**Exercise description**. Go to the line that contains "Grågrøndekoreret gustaviansk kommode.", then write out that line and all that follow to the end of the listing, exactly and without pictures.

**Information shown**.

*** Block opens ***

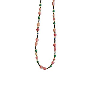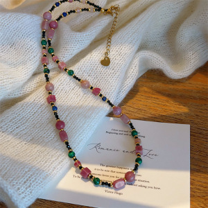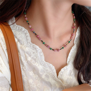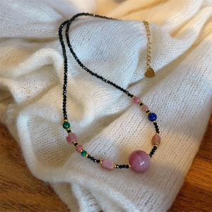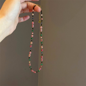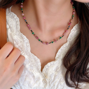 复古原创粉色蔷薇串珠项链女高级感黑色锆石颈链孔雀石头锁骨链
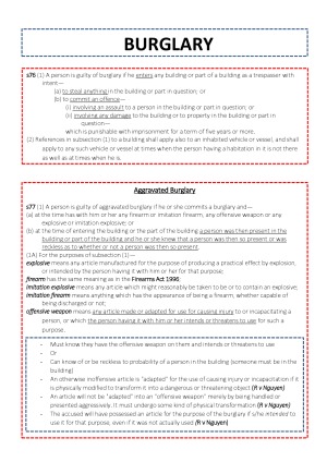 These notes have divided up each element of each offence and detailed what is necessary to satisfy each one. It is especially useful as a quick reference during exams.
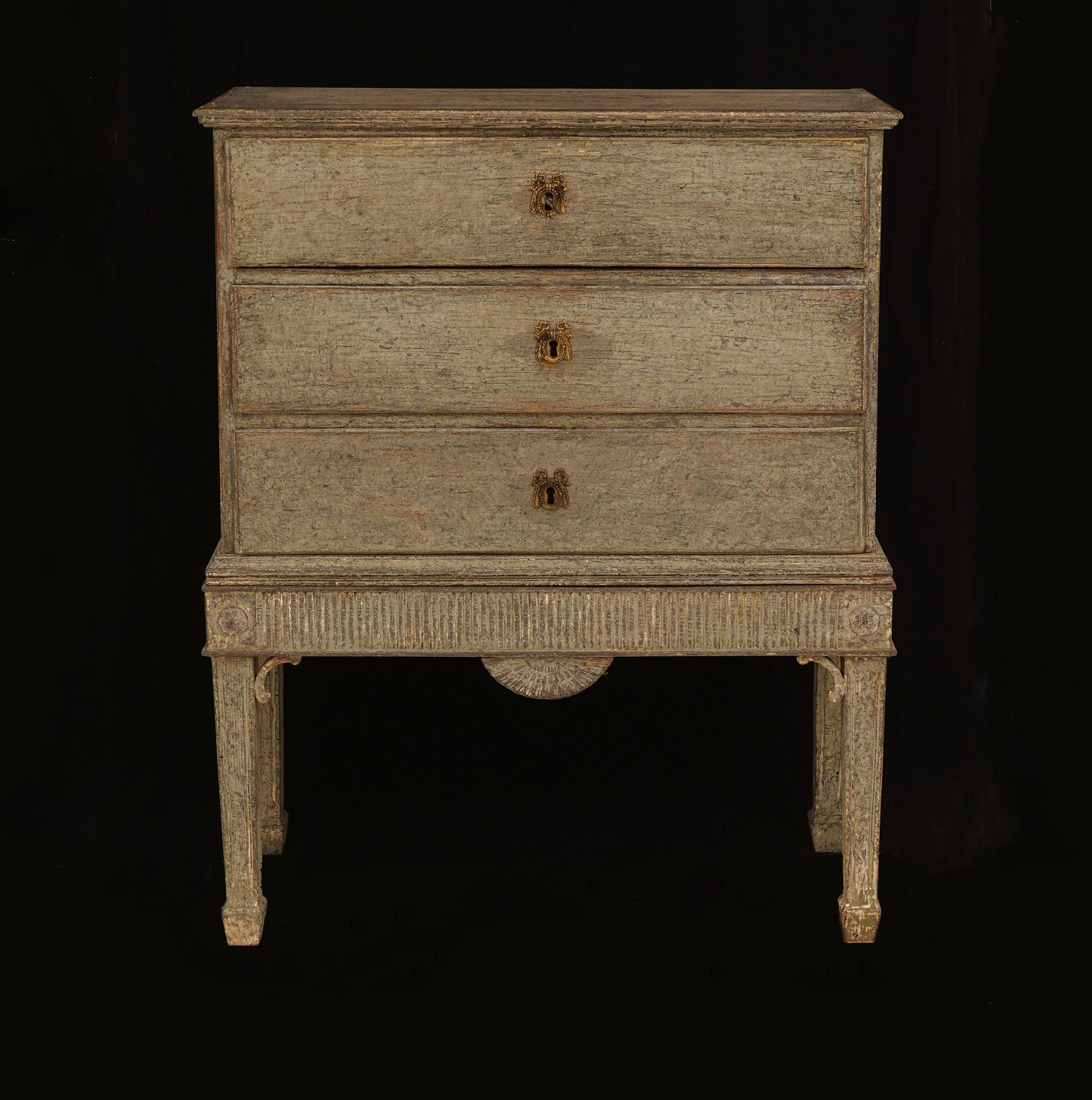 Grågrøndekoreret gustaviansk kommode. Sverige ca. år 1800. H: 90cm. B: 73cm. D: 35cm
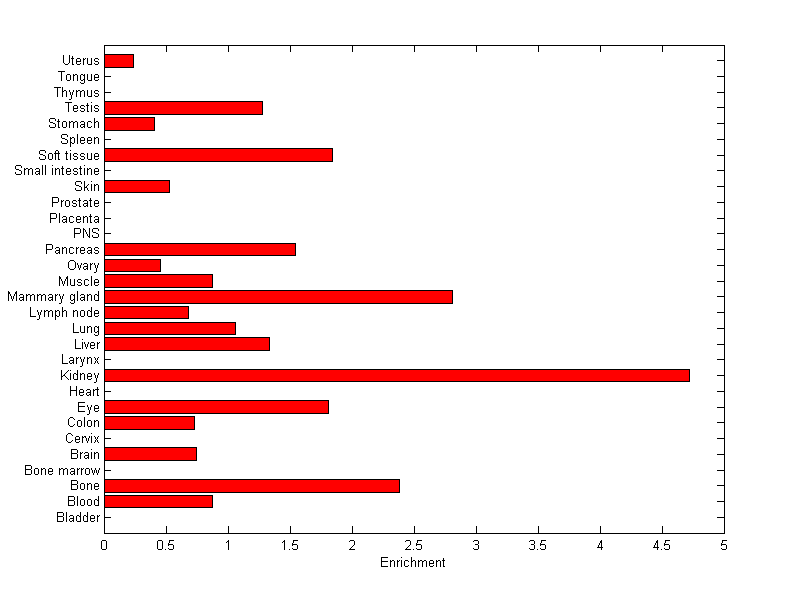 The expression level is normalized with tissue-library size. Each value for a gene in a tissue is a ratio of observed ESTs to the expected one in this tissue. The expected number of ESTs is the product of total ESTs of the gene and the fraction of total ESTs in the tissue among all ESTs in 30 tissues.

*** Block closes ***

**Exercise solution**.
 Grågrøndekoreret gustaviansk kommode. Sverige ca. år 1800. H: 90cm. B: 73cm. D: 35cm
 The expression level is normalized with tissue-library size. Each value for a gene in a tissue is a ratio of observed ESTs to the expected one in this tissue. The expected number of ESTs is the product of total ESTs of the gene and the fraction of total ESTs in the tissue among all ESTs in 30 tissues.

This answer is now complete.